À Dakar, la tension est retombée à l’université Cheikh Anta Diop (UCAD), mais la colère demeure. Après plusieurs jours d’affrontements entre étudiants et forces de l’ordre, la mort d’un étudiant en deuxième année de médecine a profondément choqué le pays et ravivé les critiques contre le gouvernement.

Des violences sur fond de revendications sociales

À l’origine de la mobilisation : le paiement d’arriérés de bourses, une revendication récurrente dans les universités sénégalaises. Depuis plusieurs années, ces retards provoquent régulièrement des mouvements de contestation, parfois émaillés d’affrontements avec la police.

Cette semaine, la situation a dégénéré. Des vidéos filmées par des étudiants montrent des policiers en tenue anti-émeute frappant des jeunes à coups de matraque dans l’enceinte du campus et jusque dans les résidences universitaires.

Alassane Goudjaby, étudiant à l’Institut national supérieur d’éducation populaire et de sport de l’UCAD, affirme que les étudiants ne prévoyaient pas de manifester :

« Ce que les étudiants ont dit, c'est qu'ils ne voulaient pas organiser de manifestation.

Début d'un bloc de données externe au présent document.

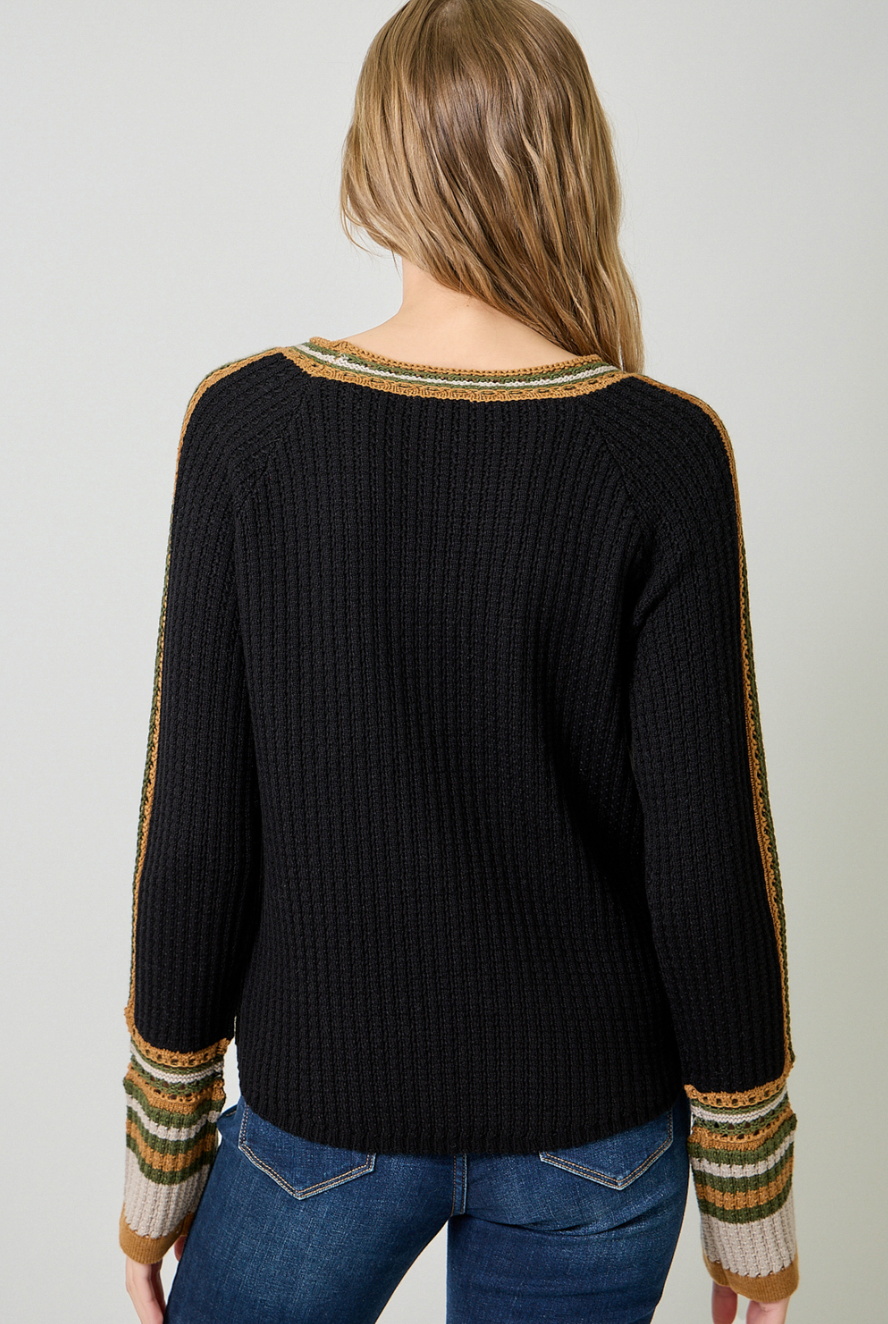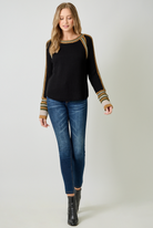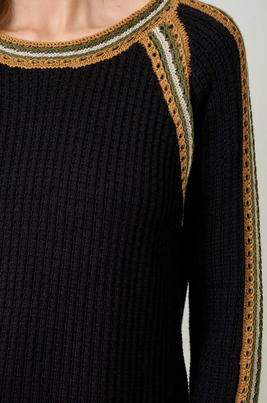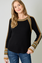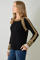 This Raglan Sleeve Trim Detail Sweater brings a fun twist to your cozy wardrobe. Featuring a classic round neck and playful hi-lo hem, it adds a flirty flair to your look. The long sleeves with contrast stripes give it a sporty edge, perfect for mixing comfort with style on any casual day.

Mais la police nous a forcés à manifester. (…) Ils nous ont trouvés dans nos chambres, ils nous ont délogés, ils nous ont battus jusqu'à nous blesser. »

Une mort qui provoque l’indignation

Les violences ont atteint leur paroxysme lundi avec la mort d’un étudiant en deuxième année de médecine, dans des circonstances encore floues. Le gouvernement a qualifié les faits de « tragédie » et reconnu des actes de brutalité policière, tout en accusant certains manifestants d’avoir tenté de détruire des infrastructures universitaires.

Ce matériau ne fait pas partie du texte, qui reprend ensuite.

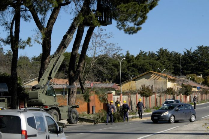 Nei giorni scorsi una squadra di militari dell’Esercito Italiano effettivi alla Scuola di Fanteria è intervenuta per la potatura e messa in sicurezza delle alberature su via della stazione di Cesano.

Des accusations contestées par de nombreux étudiants, qui réclament une enquête indépendante pour faire la lumière sur les circonstances du décès.

Demba Naguel Diallo, étudiant en physique et chimie à l’UCAD, exprime un sentiment largement partagé sur le campus : « Nous sommes vraiment déçus (…) surtout avec ce gouvernement, que nous avons soutenu jusqu'à la fin de la lutte, nous nous attendions à autre chose. (…) J'espère que des enquêtes seront menées sur cette tragédie. »

Une jeunesse désillusionnée

La crise prend une dimension particulièrement sensible dans un pays où près de 75 % de la population a moins de 35 ans. Les jeunes ont joué un rôle déterminant dans l’alternance politique de 2024, soutenant massivement le pouvoir actuel et ses promesses de rupture avec l’ancien système.

Aujourd’hui, certains parlent de trahison. « Une honte pour l’Afrique », lancent des étudiants, dénonçant des violences qu’ils jugent incompatibles avec les espoirs placés dans les nouvelles autorités.

Un campus toujours fermé

Deux jours après les affrontements, le calme est revenu à l’UCAD. Les portes de l’université et des résidences étudiantes restent toutefois fermées. De nombreux étudiants ont quitté Dakar sans savoir quand les cours reprendront.

Au-delà des dégâts matériels, c’est désormais la relation entre le pouvoir et une partie de la jeunesse sénégalaise qui semble fragilisée, dans l’attente de réponses, d’éventuelles responsabilités établies et de mesures concrètes pour restaurer la confiance.